My dearest, dearest Eddie,—You don’t know how disappointed I was to get your letter and how I longed for it. Whatever you do, don’t keep me waiting so long for an answer. I imagined all sorts of things—that you were ill or dying. I was on the point of wiring. I want you to promise me that if you are ever ill, you will let me know. If you want me urgently I shall be pleased to come. But do not think that I can ever come back to Court Leys for good. Sometimes I feel ill and weak and I long for you, but I know I must not give way. I’m sure, for your good as well as for mine, I must never risk the unhappiness of our old life again. It was too degrading. With firm mind and the utmost resolution I swear that I will never, never return to Court Leys.—Your affectionate and loving wife,
BERTHA.
Telegram
Gare du Nord, 9.50 a.m., June 2.
Craddock, Court Leys, Blackstable.
Arriving 7.25 to-night.—BERTHA.
41 Rue des Ecoliers, Paris.
My dear young Friend,—I am perturbed. Bertha, as you know, has for the last six weeks lived with me, for reasons the naturalness of which aroused my strongest suspicions. No one, I thought, would need so many absolutely conclusive motives to do so very simple a thing. I resisted the temptation to write to Edward (her husband—a nice man, but stupid!) to ask for an explanation, fearing that the reasons given me were the right ones (although I could not believe it); in which case I should have made myself ridiculous. Bertha in London pretended to go to a physician, but never was seen to take medicine, and I am certain no well-established specialist would venture to take two guineas from a malade imaginaire and not administer copious drugs. She accompanied me to Paris, ostensibly to get dresses, but has behaved as if their fit were of no more consequence than a change of ministry. She has taken great pains to conceal her emotions and thereby made them the more conspicuous. I cannot tell you how often she has gone through the various stages from an almost hysterical elation to an equal despondency. She has mused as profoundly as was fashionable for the young ladies of fifty years ago (we were all young ladies then—not girls!); she has played Tristan and Isolde to the distraction of myself; she has snubbed an amorous French artist to the distraction of his wife; finally she has wept, and after weeping over-powdered her eyes, which in a pretty woman is an infallible sign of extreme mental prostration.

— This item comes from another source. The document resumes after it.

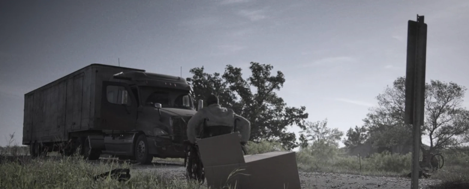 On their way back to Texas , Morgan makes his group stop at certain mile markers, such as this one, to drop off supplies for anyone who may need them.

This morning when I got up I found at my door the following message: “Don’t think me an utter fool, but I couldn’t stand another day away from Edward. Leaving by the 10 o’clock train.—B.” Now at 10.30 she had an appointment at Paquin’s to try on the most ravishing dinner-dress you could imagine.
I will not insult you by drawing inferences from all these facts: I know you would much sooner draw them yourself, and I have a sufficiently good opinion of you to be certain that they will coincide with mine.—Yours very sincerely,
MARY LEY.
P.S.—I am sending this to await you at Seville. Remember me to Mrs. J.